Bibliophiles Rejoice

History of the Book in Canada Volume One: Beginnings to 1840

A review of History Of The Book In Canada Volume One: Beginnings To 1840 by Edited By Patricia Lockhart Fleming Et Al

Published on April 1, 2005

History Of The Book In Canada Volume One: Beginnings To 1840
Edited By Patricia Lockhart Fleming Et Al

University of Toronto Press
$75
cloth
540pp
0-8020-8943-7

In 1997 a team of Canadian historians, librarians, and literary scholars joined researchers around the world studying print culture and began the history of the book for Canada. Volume One is the first in a three-volume set. (A French-language edition is published simultaneously by Les Presses de l’Université de Montréal.)

The first thing the reader notices about this volume is its heft – it has 400 pages of text, and another 150 pages of notes, bibliography, and index. Then there’s the smooth acid-free paper and the airy Cartier Book font, Canada’s first roman typeface. It seems eminently suitable to have this authoritative book on print such a tactile delight.

This is a reference book par excellence, starting as it does with the very beginnings of print in Canada – the aboriginals’ wampum and symbolic representations. The breadth of material is ambitious, as “print,” for the purpose of this project, includes books, newspapers, and magazines, as well as personal libraries, writers, readers, and printing in Aboriginal languages, German, and Gaelic. The book examines “the role of print in the political, religious, intellectual, and cultural life of the colonies that eventually became Canada.”

Although this book is the definitive reference work for Canadian bibliophiles, it is written in pleasurable, non-academic language accessible to the general reader. Anyone familiar with the period covered will recognize many familiar names – Fleury Mesplet (founder of the precursor to The Gazette), Benjamin Franklin, Susanna Moodie, and Thomas Chandler Haliburton. There are a host of unfamiliar names too, and, since early writers often used a pseudonym, some who will never be known except through their works.

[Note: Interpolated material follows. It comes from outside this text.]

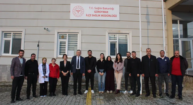 Bitlis İl Sağlık Müdürü Doç. Dr. Şaban Ergene, Halk Sağlığı Hizmetleri Başkanı Uzm. Dr. Seda Yılmazer ve Kamu Hastaneleri Hizmetleri Başkan Yardımcısı Emrah Teyfik Şölen, Güroymak Devlet Hastanesi ile Güroymak İlçe Sağlık Müdürlüğü’nü ziyaret etti.
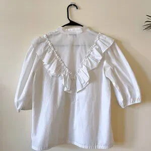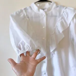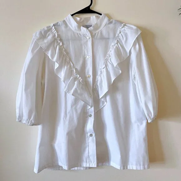 Turn heads with this romantic ruffled blouse from Fitchfork! With soft, flowing fabric and delicate ruffle details, it’s perfect for dressing up jeans or pairing with a skirt for a more elevated look.

An interesting feature is the use of case histories. In the chapter on popular books, the subsection “Music” is followed by a study of “Music and La Minerve.” La Minerve was a Montreal biweekly which printed the first music in a Canadian periodical on September 19, 1831. Four lines of music accompany a patriotic song entitled “La Parisienne.” A further six stanzas of text are spread across three columns. The case history goes on to explain in detail why and how this music was acquired and published.

There are odd stories connected with books. One of the first topics covered is the writing and publishing of expedition literature. Franklin’s ill-fated expedition was typical: Franklin brought along his library of books and charts, one of which was Samuel Hearne’s A Journey from the Prince of Wales’s Fort, in Hudson’s Bay, to the Northern Ocean. It has been surmised that when Franklin and his men started straggling across the tundra in hope of reaching Fort Enterprise, they chose to carry the lighter-weight octavo edition of Hearne’s book, rather than the larger quarto first edition.

Yet the map in the octavo showed Hearne’s return route across the Barrens differently from the first edition’s map. The discrepancy could have confused Franklin, whose men suffered more than one delay, and contributed to the number of deaths. Certainly the matter of a book’s size bears materially on this dramatic possibility.

The period covered by this volume was a tumultuous one, with the French and American Revolutions, and rebellions in both Upper and Lower Canada. The importance of print in the service of both the establishment and those who wanted political change was incalculable. Beginnings covers this restless era with great skill and erudition. Let’s hope that Volume Two is not far behind. mRb

Margaret Goldik is a former editor of the Montreal Review of Books.